Given entries:
◆ ◆ ◆

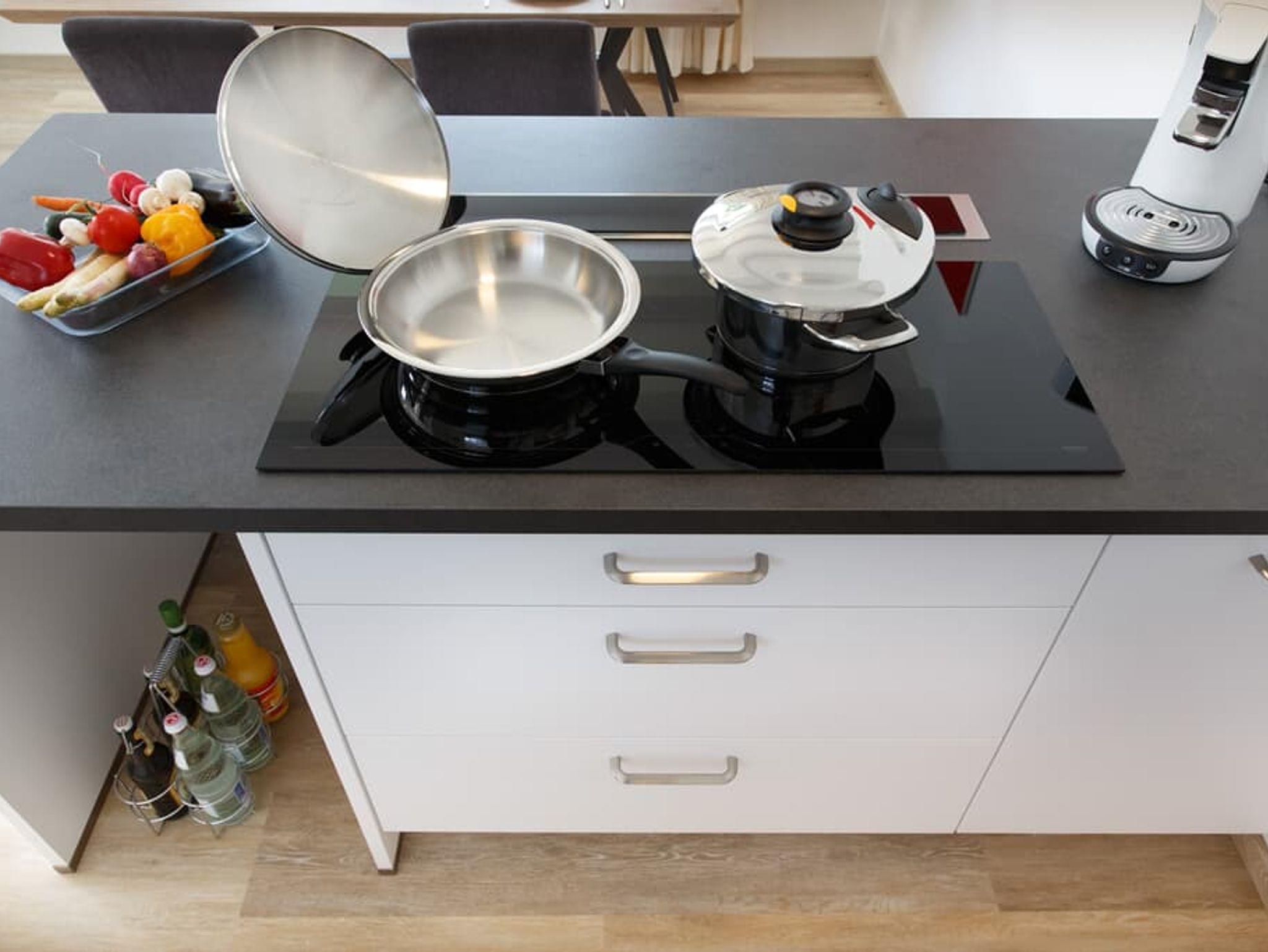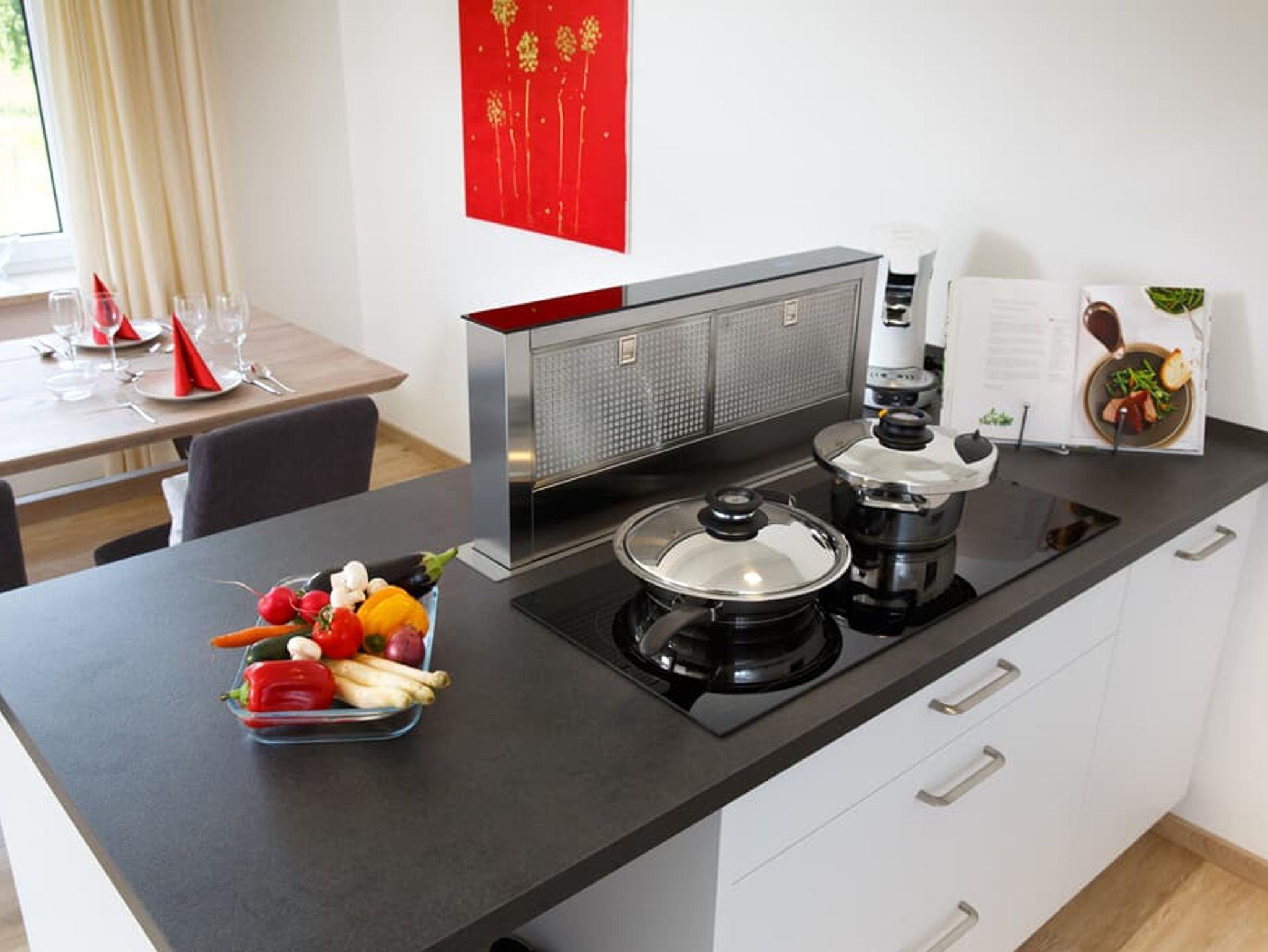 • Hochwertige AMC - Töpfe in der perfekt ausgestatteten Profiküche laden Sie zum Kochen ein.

◆ ◆ ◆

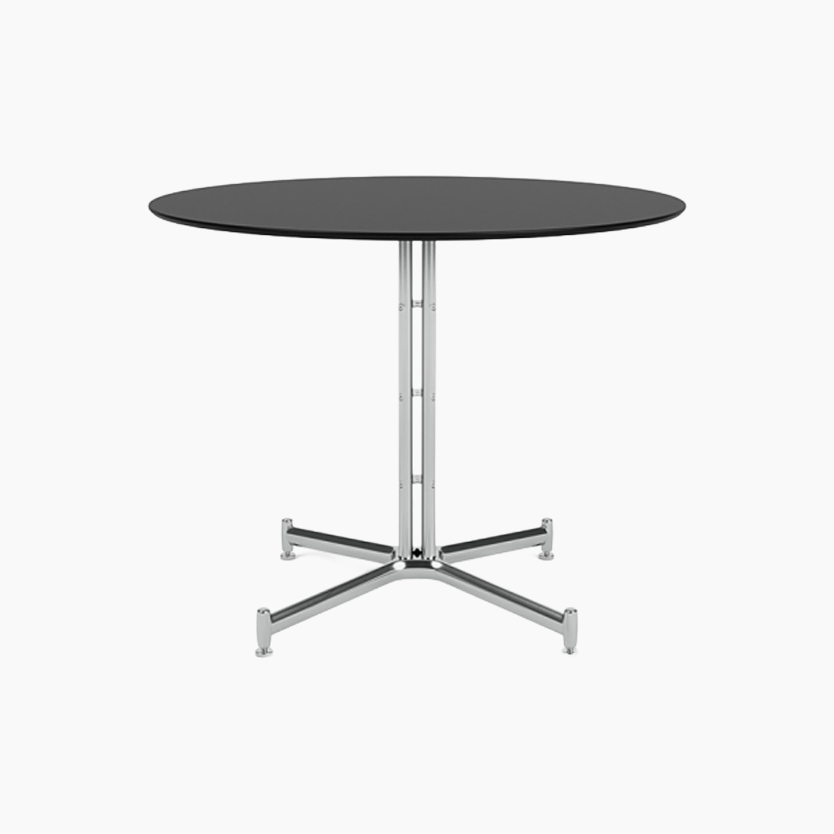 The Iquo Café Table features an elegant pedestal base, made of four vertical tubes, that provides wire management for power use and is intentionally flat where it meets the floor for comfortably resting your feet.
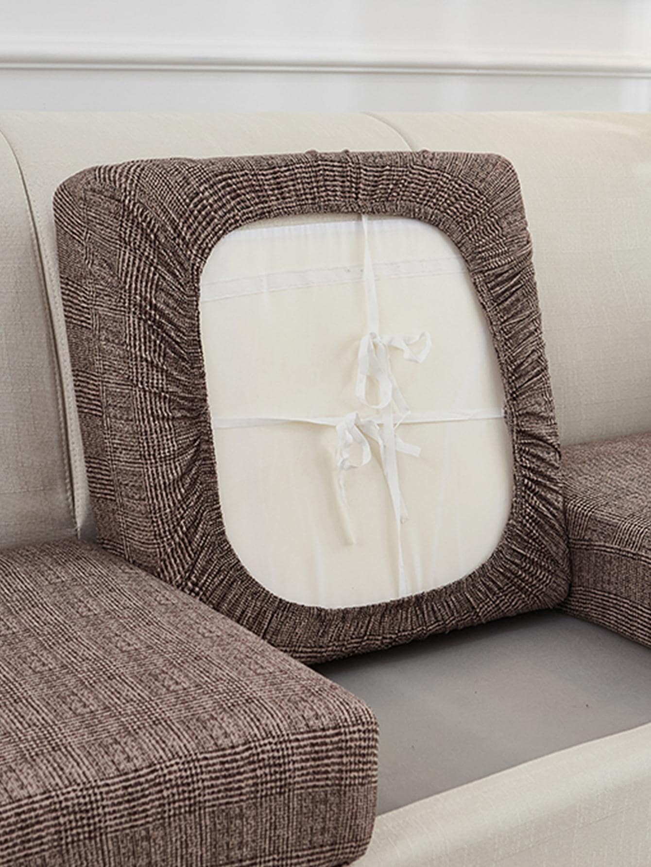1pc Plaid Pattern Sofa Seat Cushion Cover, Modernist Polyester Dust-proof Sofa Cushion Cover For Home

◆ ◆ ◆

Work order:
Although pictures appear among the records above, write out exactly only the lines from the one that has "The Iquo Café" through the one that has "1pc Plaid Pattern", and leave the pictures out.

Output below:
 The Iquo Café Table features an elegant pedestal base, made of four vertical tubes, that provides wire management for power use and is intentionally flat where it meets the floor for comfortably resting your feet.
1pc Plaid Pattern Sofa Seat Cushion Cover, Modernist Polyester Dust-proof Sofa Cushion Cover For Home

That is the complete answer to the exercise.